Although a waiver of the synchronization of the measurement time points can lead to an acceleration of the combination value update which depends only on the speed of the data communication line and the central control device; However, each combination value is then based on individual measured values which were recorded at different measuring times, which leads to a considerable inaccuracy of the measurement result, in particular in the case of dynamic processes.

The above article suggests at least a partial return to analog weighing cells. In particular, it is proposed to route the analog signals over a short analog line path to a multi-channel A / D converter to avoid interference, which digitizes the analog input signals synchronously on all channels and combines the generated digital values. Disadvantages of this concept are the loss of modularity gained through the introduction of digital load cells and the reintroduction of analog line sections with their known interference and calibration problems. task

It is the object of the present invention to make the known weighing device with a plurality of synchronously working load cells more resistant to interference and more flexible in construction.

Presentation of the invention

This object is achieved in conjunction with the features of the preamble of claim 1, characterized in that the force transducer, the integrator, the comparator and the switch are combined in a first module and in that the switching control means, the time determining means and the value determining means in a second, separate module are summarized.

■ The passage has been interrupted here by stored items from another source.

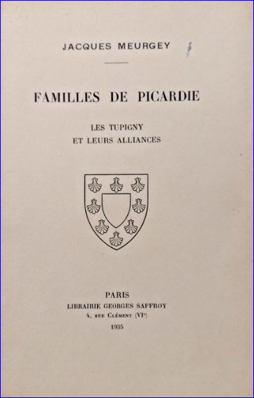 Fac-similé de la couverture de Familles de Picardie, Les Tupigny et leurs alliances, Jacques Meurgey,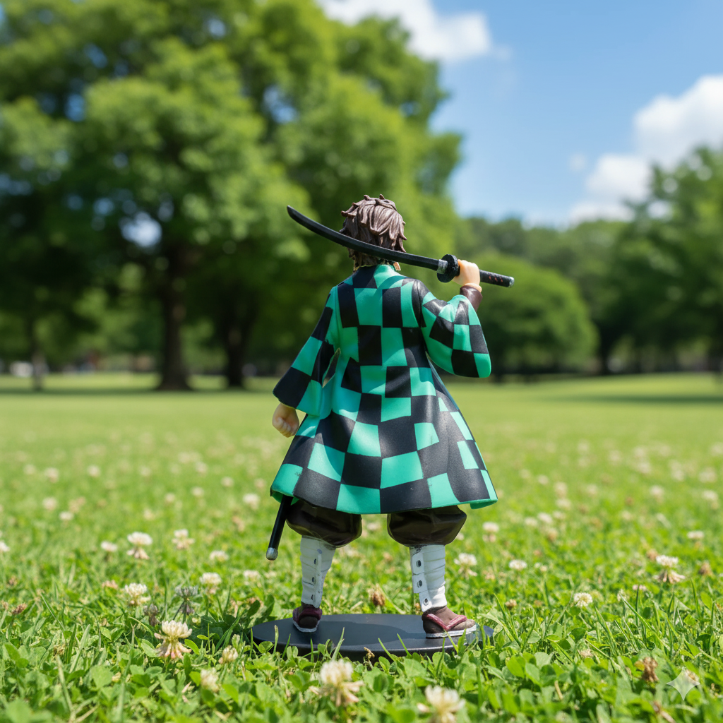 Outfit & Design: He is depicted in his classic Demon Slayer Corps uniform, covered by his distinctive green and black checkered haori. The sculpting and paintwork appear precise, replicating the character's on-screen appearance with vibrant, accurate colors.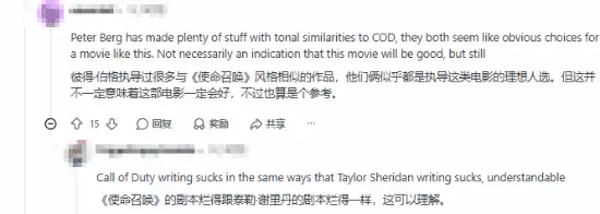 相关内容源自Esquire的独家专访报道,帖子发布在海外社群 r/Gamingcirclejerk 板块之后,短时间内收获大量点赞和讨论。不少核心玩家看到旧言论后,都直接表达自己的不满,大家普遍不看好这名导演掌舵《使命召唤》真人电影的创作前景。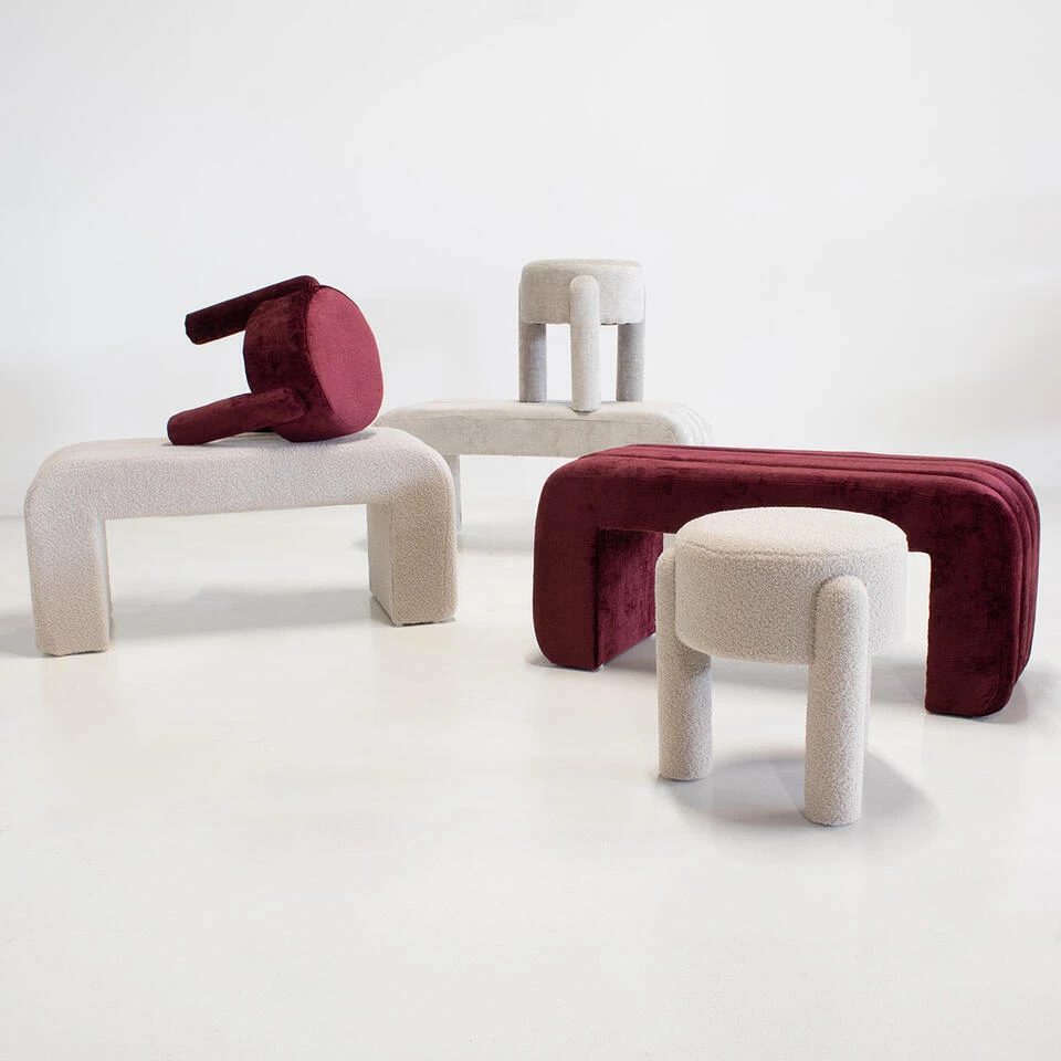 Materiaal: Het bankje is vervaardigd uit een combinatie van stof en hout. De stof zorgt voor een zachte en comfortabele zitervaring, terwijl het hout bijdraagt aan de stevigheid en duurzaamheid van het meubelstuk. Deze materialen zijn zorgvuldig geselecteerd om een lange levensduur en een tijdloze uitstraling te garanderen.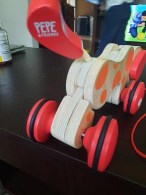 [This review was collected as part of a promotion.] This little Pepe pull-along dog is absolutely adorable! My daughter has so much fun pulling Pepe along and playing with him. It keeps her busy for a long time. She can push, roll or pull him along. She sits and plays with him on the floor every day! I love that it is made well, is keeping her entertained as well as helping her dexterity and hand-eye coordination. We absolutely love Pepe and think you will too!
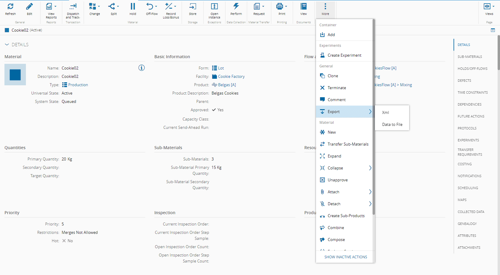 Critical Manufacturing MES offers a feature of mass Master Data Export where you can export data from the entire system for backup or offline analysis or migration. However, you can also export data from individual entities by selecting the Export from the top ribbon of an entity details page.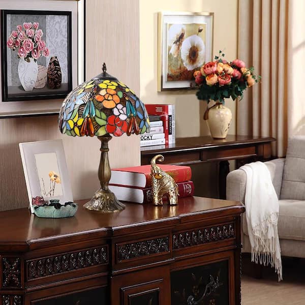 Decorative 18.1 in. Multicolored Glass Table Lamp Tiffany-Style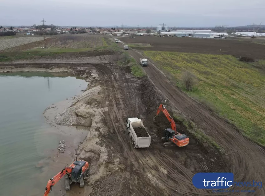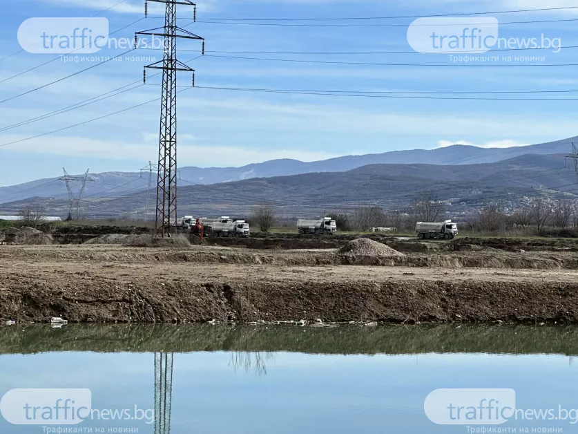 На място картината не наподобява обикновен строеж. В ранния следобед, в деня в който екип на медията ни посети обекта, на терена работеха багери, които непрекъснато изкопаваха и премествaха земни маси. Малко след 12ч. в имота навлязоха последователно около десет товарни камиона, които започнаха да се подреждат за товарене. Машините се пълнеха една по една, след което част от тях поеха към изхода на града, а други се отправиха към вътрешен парцел, в който също се виждат следи от разкопаване. Около половин час по-късно същите камиони се върнаха и цикълът започна отново. Процесът изглежда координиран, липсва друг вид техника, която да напомня, че в парцела се изгражда рибарник.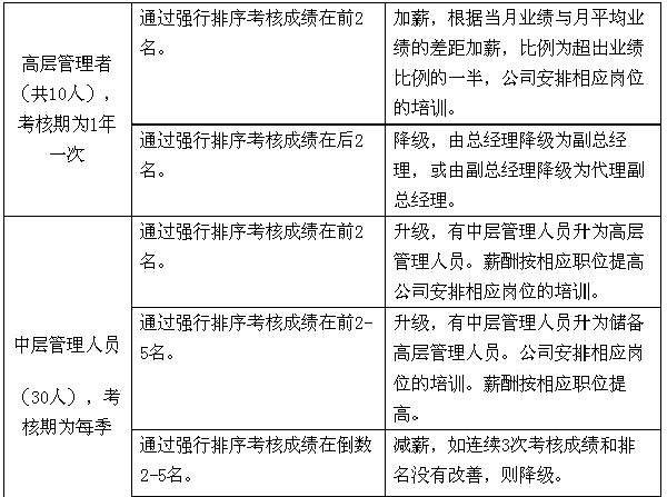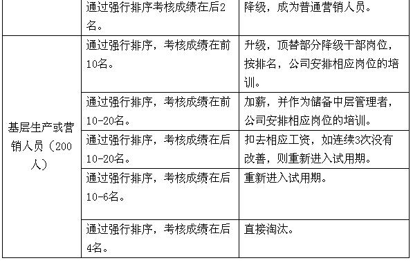 九、淘汰机制 人力资源部的最终考核得分将由上述两种考核得分汇总后得出。 公司不但要建立一套完整的绩效考核体系,还应该建立一套有效的淘汰机制,考核的最终目的是要让员工提高工作绩效,没有一套完善的奖惩措施和淘汰机制,是无法达到我们的预期目的的,那么绩效考核体系也就失去了其原有的意义。绩效考核应当与员工的薪酬挂钩,同时还应建立一套科学的淘汰机制,如末位淘汰制。 末位淘汰制有其可行性 建立严格的员工竞争机制,实行末位淘汰制,能给员工以压力,能在员工之间产生竞争气氛,有利于调动员工积极性,使公司更富有朝气和活力,更好地促进企业成长。 企业建立严格的员工竞争机制,实行末位淘汰制,从员工管理的角度讲,是一种强势管理。这种强势管理其实更是一种绩效管理,而所有绩效管理都不可能是完美的。 企业对员工的管理大致分为三个阶段: 第一阶段,人力成本阶段。企业认为员工是成本,缺乏对员工的尊重和信任。企业为了降低成本,多出效益,一味把员工工资压低,这种阶段是最原始的。 第二阶段,人力资源阶段。企业逐渐认识到员工自觉干和被动干所产生的效果是不一样的,开始重视培训,重视提高员工的能力。此阶段的企业会制定各种有关员工激励的制度,出台不同的考评办法。 第三阶段,人力资本阶段。企业认识到要把人当做资产,实现资产增值。这时员工的革新能力和创造能力是最重要的。有些企业正是有了人力资本,在缺乏资金的条件下,可以从很小的规模起步,经过十几年的努力成为世界上优秀的企业。 现在许多企业正在从第一阶段走向第二阶段,有的还没有走到。所以,对于一些企业来讲,实行严格的员工管理,如实行末位淘汰制还是有必要的。 末位淘汰制是把“双刃剑” 企业不能不考虑自己的实际情况,一味对员工实行宽松式的管理,当然过分强调严格管理也是有弊病的。末位淘汰制已经逐渐被国外知名企业所淘汰,因为这么做会使员工感到有压力,而且心情不畅。对于员工素质较高,能自觉自愿完成工作的企业不宜采用这种办法,而代之以人性化的管理方式。 末位淘汰制确实会给员工一定的压力,有压力就会有动力,一定程度上可以使公司人员实现优胜劣汰,一般市场人员考核指标很多,如果一个员工在考核期表现不太好的话,公司也不能马上辞退该员工,而必须具体分析原因: 是员工个人不努力,还是外部市场环境不景气。公司每个部门都有自己的考核办法,分量化和不可量化的部分,这些指标都具有可操作性和可衡量性。每次绩效考核完后都有一个评分,这个结果是为了找出员工在工作中的偏差,及时纠正。这是考核的最终目的。 强势管理,其实强调的是一种短期利益。企业应该认识到,推行强势管理,不是给员工以无情的压力,而是通过一套体系,形成企业内部的文化,目的是要帮助员工提高绩效。企业和员工之间应该是帮助和被帮助的关系。如果这套考核办法出来后,员工们感到人人自危,就失去了意义。 实行末位淘汰制应注意些什么? 末位淘汰制这种强势管理方式虽然有不足之处,但对市场竞争日趋激励的今天,对管理水平还不高的企业而言,有其可行性。强势管理对一些企业可能有效,如企业规模较大,管理层次较多,员工有人浮于事的现象,通过强势管理强行淘汰一些落后的员工。 当然,不管什么业绩管理,目的不是让员工流失,而是在组织的帮助下,每个员工都能完成业绩。其实每个员工的潜力是很大的,关键是怎么管理和开发。国内一些公司实行末位淘汰制,但只针对业务人员,被淘汰人数只有3~5人,淘汰下来的也不是让其回家,而是给换一个适合的岗位。这个企业这么做的效果是不错的,既调动了员工的积极性,又不会给整个企业形象造成什么负面影响。 实行这种办法关键要建立一套非常科学的考评制度,每次考评的标准一定要一致。另外,新来的员工要有一个熟悉和学习的过程,对他们的考评标准不能和老员工一样。 末位淘汰制要跟目标管理连在一起,目标一定要合理。首先目标要明确,并且这个目标应该是员工通过努力可以达到的,如果你定的目标让员工感到绝无可能,就不叫目标了。目标定得过高,员工可能会感到,“你这是让我走人”,马上产生消极情绪,会做出对企业不利的事情。其次,目标应是可行、具体和清晰的。在目标已定的情况下,企业管理者一定要经常帮助员工,如提供一些资源和条件,组织培训。如果最后由于员工自身的原因做不好,员工自己就会萌生退意,自然实现了优胜劣汰。员工由于自己原因而业绩不好被淘汰,大家都会理解和接受,不会产生什么负面影响。 对于末位淘汰制的淘汰比例,1%~2%就可以在企业内部起到有效激励的作用。如果定的比例过高,如20%,企业在员工管理上会出现各种问题,在人才市场的形象肯定会受到负面影响。 一个企业确实不能是一潭死水,必须有一个流动率,比较理想的流动率是5%。特别要注意,这5%里面核心员工的流动率是多少,核心员工就是给企业带来80%效益的那20%的员工,就是企业不可缺少的员工。这20%的员工不走,下面的员工流动率大一点也没有关系,但核心员工的流动率超过5%,就应当引起企业的重视,一定要弄清核心员工流动的原因是什么? 企业发展到一定阶段,还是应提倡弹性化和人性化的管理,就是尊敬员工式的管理。当然前提之一是在招聘时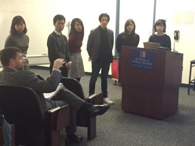 YNU students were able to participate in various lectures at American University, including ‘Peace, Global Security & Conflict Resolution’ with Professor DeRaismes Combes, in which the topic of how we define the end of war in the modern era was discussed. Another fascinating lesson was ‘Cross-cultural Communication’ with Professor Naomi Moland. YNU and AU students talked about the respective stereotypical images of Japan and the USA, and how they deal with those images in their everyday lives.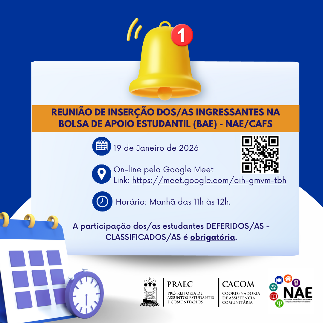 NAE/CAFS - Reunião de Inserção dos/as ingressantes no benefício Bolsa de Apoio Estudantil (BAE) de Floriano - Edital Nº 09/2025 PRAEC/UFPI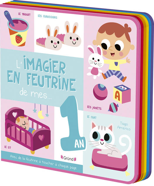 Pour chaque page, une couleur différente pour découvrir, toucher et apprendre les premiers mots du quotidien des enfants de 1 an.
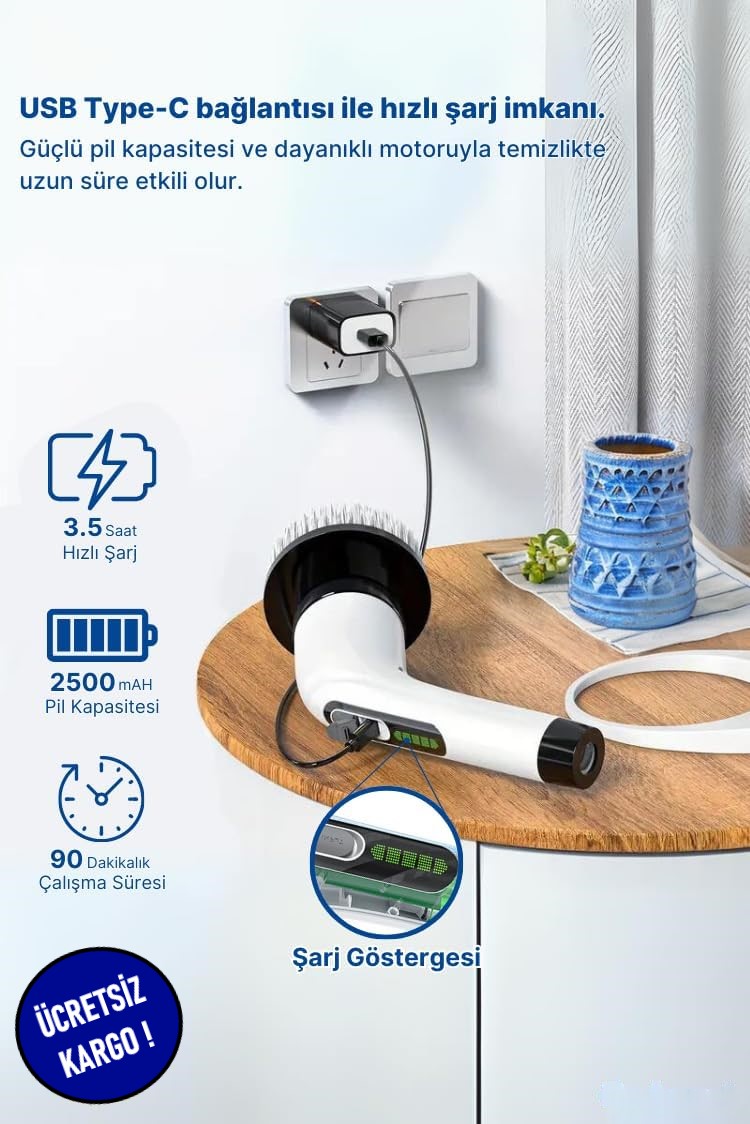 1 Adet ELEKTRİKLİ TEMİZLİK FIRÇASI -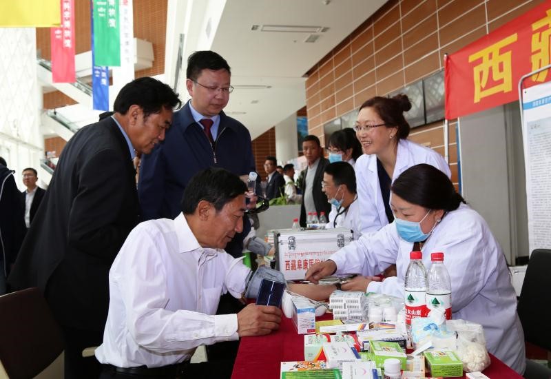 西藏自治区科技厅厅长赤列旺杰在我院展位测量血压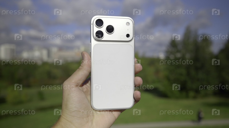 Тбилиси, Грузия - сентябрь 2025 года: в руках новая концепция смартфона с тремя камерами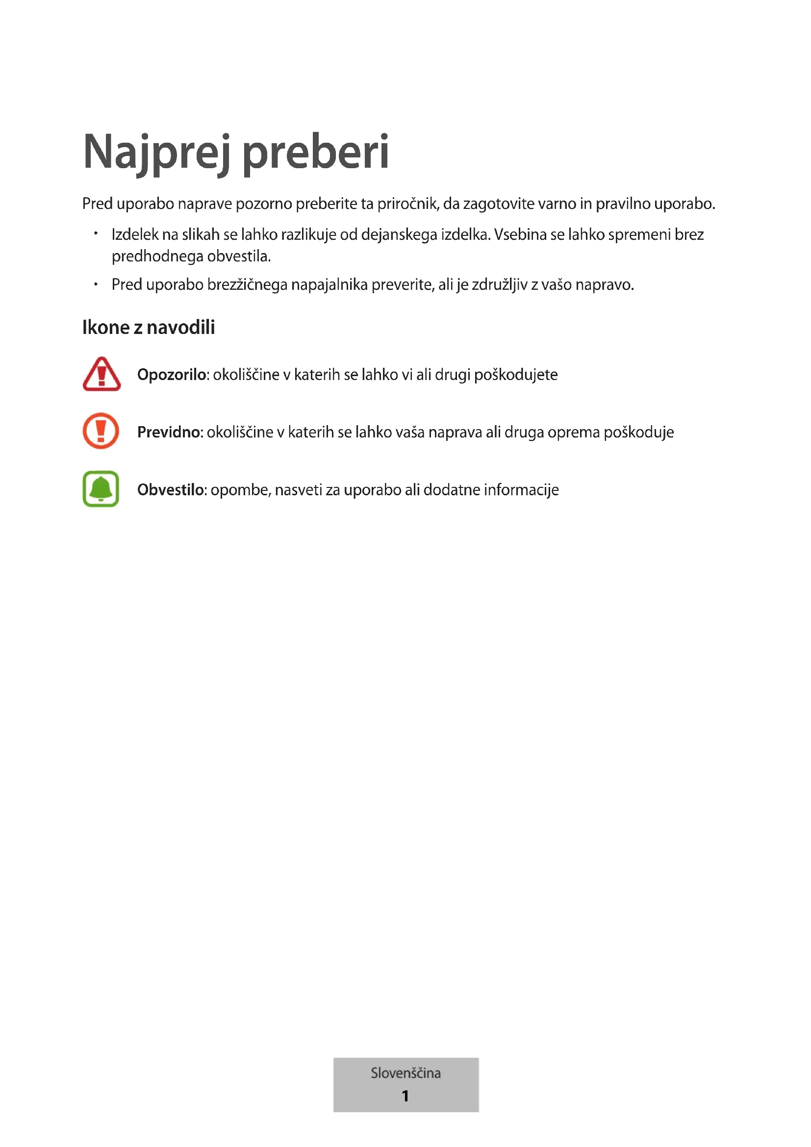 Pred uporabo brezžičnega napajalnika preverite, ali je združljiv z vašo napravo. Ikone z navodili Opozorilo: okoliščine v katerih se lahko vi ali drugi poškodujete Previdno: okoliščine v katerih se lahko vaša naprava ali druga oprema poškoduje Obvestilo: opombe, nasveti za uporabo ali dodatne informacije Slovenščina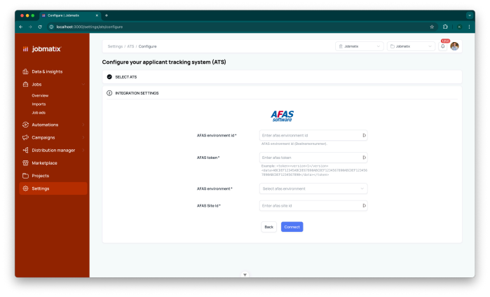 Deze handleiding helpt je bij het opzetten van een verbinding tussen Jobmatix en AFAS. Zodra de koppeling actief is, worden Easy Apply-sollicitanten vanuit Jobmatix direct gesynchroniseerd met jouw AFAS-systeem.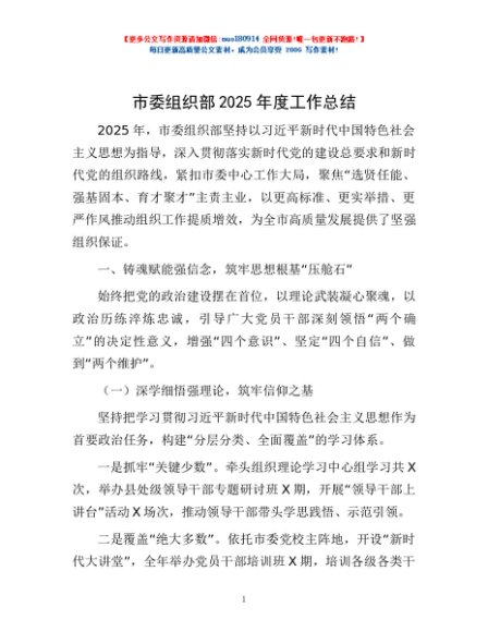 / 市委组织部2025年度工作总结

The core of the present invention lies in a special assignment of functional elements to different modules. As discussed in detail above, in the case of classical digital load cells, it is known to carry out the entire force absorption and digitization in the load cell and to transmit the digital weight value to a central processing unit. On the other hand, it is also known to perform only the analog power in the load cell and to transmit the analog signal to a central A / D converter. However, the present invention makes another division of the functional elements. According to the invention, the elements to be assigned to the functional unit of the A / D converter are split and assigned to different modules. In particular, all those elements to which analog signals are fed and / or which do not output digital signals are assigned to the first module, whereas all other functional elements are assigned to the second module. In this way it is achieved that the entire analog data processing until the generation of a first digital signal in the load cell, ie the first module is performed and the further processing of the digital signal to the determination of the total digital value, which may include the information of multiple load cells in a purely digital working, second module is performed. The same applies to the flow of information in the reverse direction, ie from the digital second module to the analog first module.

The practical consequence of this special division of the functional elements is that, as realized in a preferred embodiment, it is possible for the first module and the second module to be connected by control technology only via a pair of wires, which the

Comparator pulse line and a switching line connecting the switching control means and the switch comprises. Both lines are purely digital in nature. A digital line is understood here to be a line via which an information signal comprising only two levels is transmitted. Such lines are known to be particularly resistant to interference, which explains their significant advantage over analog lines, in which the information content of the transmitted signal is in the continuous level profile. Correspondingly long, the line pair between the load cell and be your digital module. This has a particularly advantageous effect in systems which represent a preferred development of the invention and comprise a plurality of first modules which are mechanically connected to a weighing platform and are each connected via a line pair to a second module common to the first modules. Because of the interference resistance of the digital line pairs, in the construction of such systems, the spatial distribution of the load cells with one another and their common second module must at least be taken into account, at least under electronic and tax-technical aspects.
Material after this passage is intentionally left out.